The Speed of Modern Warfare
The velocity of these attacks reflects a broader shift in cybersecurity. Antani predicts that "the future of cyber warfare is algorithms fighting algorithms, with humans by exception." Traditional security models built around human response times simply cannot keep pace with automated attack tools.
To address this reality, Horizon3.ai has moved customers from conducting one or two penetration tests per year to 40-50 tests per month through their Continuous Autonomous Penetration Testing (CAPT) service.
"Think of it as: for every Patch Tuesday, you have a penetration test," Antani said. "The more you test, the higher your resolution of your security. Think of it as a radar sweep, you have a really slow radar sweep, you're going to miss a lot of threats."
Supply Chain Warfare: A National Security Imperative
For defense contractors, supply chain attacks represent a unique threat vector with three primary objectives: stealing intellectual property, using suppliers as launch pads to swim upstream to larger targets, and causing production delays that can set critical weapons programs back years.
"If I can cause delays in these critical suppliers, then as you add those delays up, the aircraft carrier is 10 years behind," Antani explained. "We expect to see persistent cyber engagement against the long tail of suppliers that provide support for specific weapons platforms."
This strategy is already being observed in the wild. Nation-state actors are identifying suppliers for platforms like the F-22 fighter jet and conducting persistent cyber operations specifically designed to delay production timelines.
AI: The Double-Edged Sword
As cybersecurity professionals begin leveraging AI for defense, Antani acknowledges that adversaries will adopt the same technologies. However, he sees promise in structured approaches to AI implementation, particularly through Model Control Protocol (MCP) servers.
Horizon3.ai recently announced its MCP server, which allows security teams to use natural language interfaces with tools like Claude to run penetration tests, understand exploitation methods, and generate fixes.
"I think MCP servers are going to be the most impactful thing in the near term," Antani said. "The concept of a natural language, headless interface to your tools, dramatically simplifies the effort to integrate."
Moving from Reactive to Proactive
For security leaders, Antani advocates a fundamental mindset shift from reactive compliance to proactive verification. Drawing from his special operations background, he quotes a former commander: "Don't tell me I'm secure. Show me, and then show me again tomorrow, and then show me again next week."

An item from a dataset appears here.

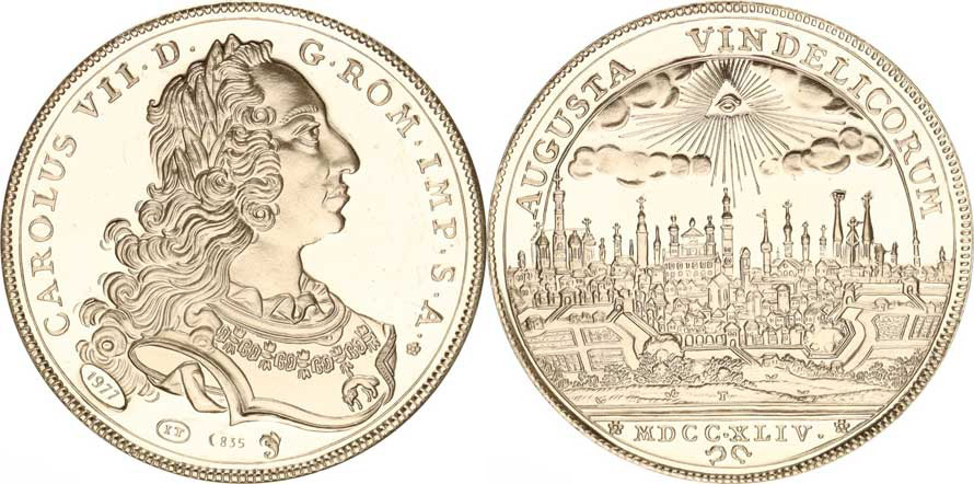 Augsburg - město, Tolar MDCCXLIV (1744) IT, pohled na město / Poprsí cís. Karla VII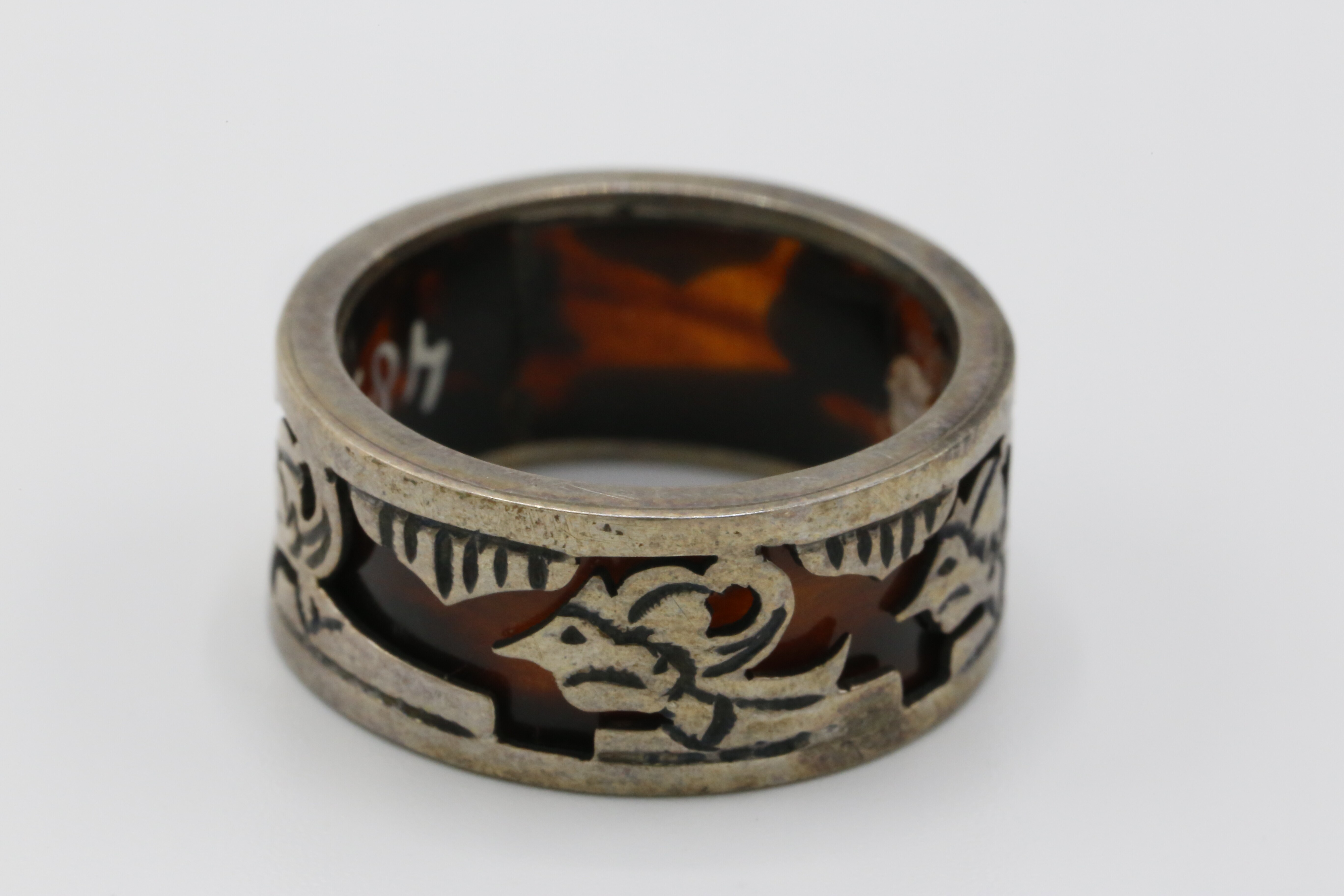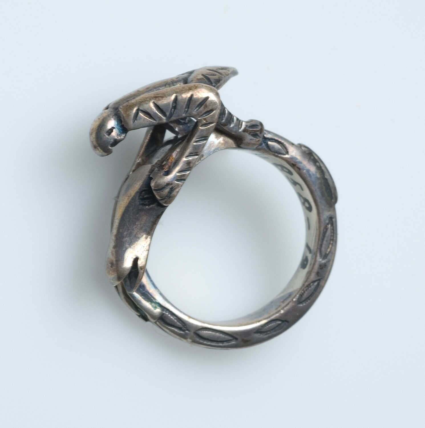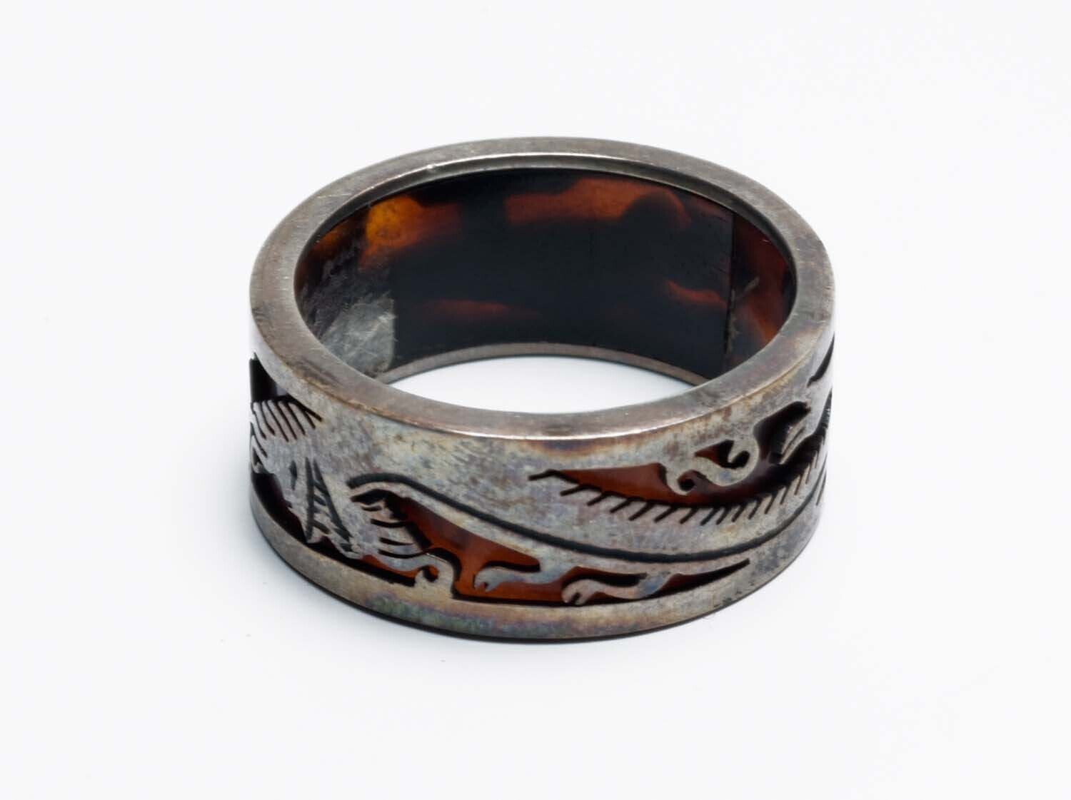 Ring met draakfiguren, gemaakt van schildpad en zilver

This philosophy distinguishes between being "secure," a point-in-time state, and being "defensible," which requires continuously adapting to attackers and preventing them from achieving their objectives.

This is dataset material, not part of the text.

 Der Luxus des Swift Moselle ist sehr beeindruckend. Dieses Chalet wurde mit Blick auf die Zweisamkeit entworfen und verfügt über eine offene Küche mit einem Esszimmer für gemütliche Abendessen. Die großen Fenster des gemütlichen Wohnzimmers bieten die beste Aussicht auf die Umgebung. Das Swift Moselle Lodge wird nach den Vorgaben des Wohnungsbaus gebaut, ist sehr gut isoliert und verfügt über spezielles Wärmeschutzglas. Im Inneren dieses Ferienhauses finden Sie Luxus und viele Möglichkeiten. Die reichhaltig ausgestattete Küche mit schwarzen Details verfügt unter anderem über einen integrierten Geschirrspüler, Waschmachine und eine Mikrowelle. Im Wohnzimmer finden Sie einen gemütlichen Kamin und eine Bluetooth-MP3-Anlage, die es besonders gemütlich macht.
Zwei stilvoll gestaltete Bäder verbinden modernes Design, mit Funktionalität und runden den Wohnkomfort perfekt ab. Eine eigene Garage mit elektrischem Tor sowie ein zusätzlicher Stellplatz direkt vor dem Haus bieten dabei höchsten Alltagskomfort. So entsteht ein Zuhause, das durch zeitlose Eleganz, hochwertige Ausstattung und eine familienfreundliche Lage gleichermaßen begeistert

For developers and engineers on the front lines, Antani offers practical advice: "Being vulnerable to an issue doesn't mean you're actually exploitable. The only perspective that matters in cybersecurity is the attacker's perspective, looking at your environment through the eyes of the attacker."
The Road Ahead
As the cybersecurity industry grapples with tool sprawl and vendor hype, Antani advocates for a back-to-basics approach focused on proving rather than promising security. His company's partnership with the NSA represents a model for how government and private sector collaboration can address the most critical vulnerabilities in our national infrastructure.

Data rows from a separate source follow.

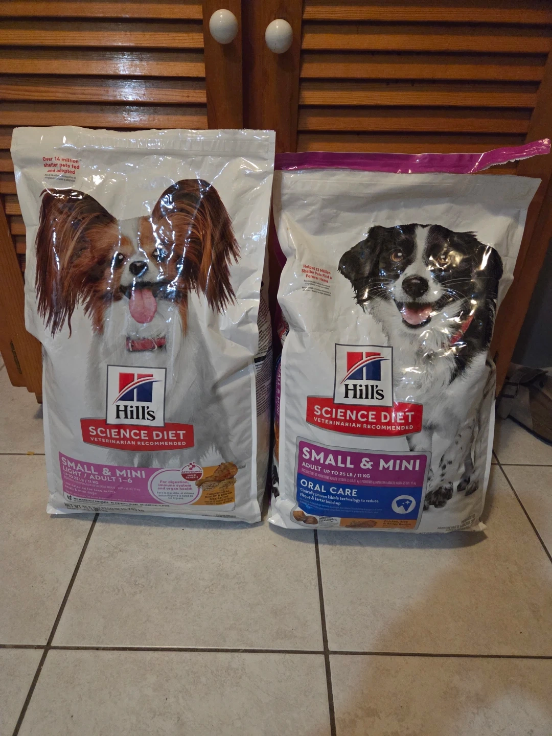Selling two bags of Hill's Science Diet dog food for small and mini breeds. One is for light/adult 1-6, and the other is for oral care. Both are veterinarian recommended for adult dogs up to 25 lbs/11 kg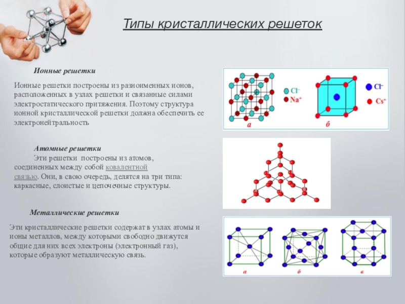 Эти решетки построены из атомов, соединенных между собой ковалентной связью. Они, в свою очередь, делятся на три типа: каркасные, слоистые и цепочечные структуры.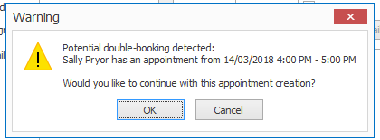 When creating/modifying an appointment, you will be warned about potential double bookings where the new appointment would overlap with an existing appointment for anyone listed as attending. This includes the assigned user, other employees and case contacts.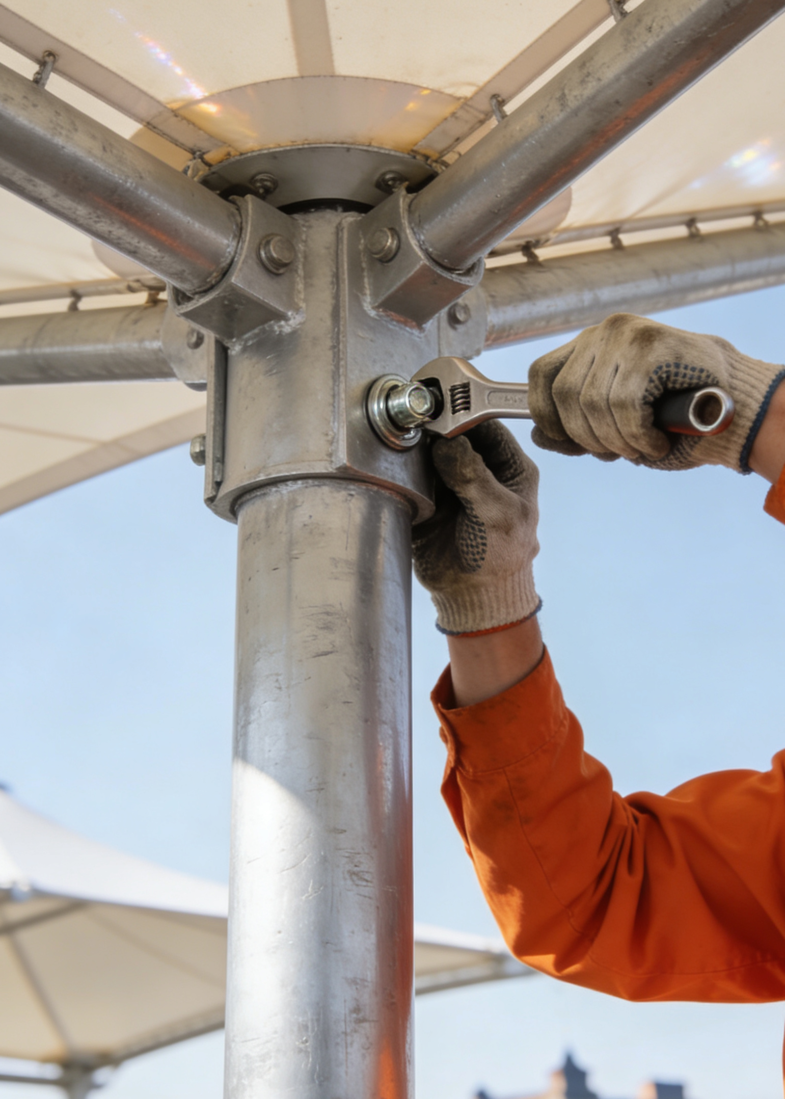 团队深耕钢结构 / 膜结构行业 10 年,精通钢结构焊接与安装、膜结构裁剪及张拉,熟练应对复杂场地、异形结构的搭建工艺

The lesson from the Toyota cup holders extends far beyond automotive manufacturing. In an interconnected world where small suppliers can bring down giants, security is only as strong as the weakest link in the chain. For the Defense Industrial Base, that means recognizing that national security depends not just on protecting prime contractors, but on securing every machine shop, CNC factory, and ship welder in the supply chain.
The question isn't whether nation-state actors will continue targeting these vulnerable suppliers—it's whether we'll act fast enough to defend them.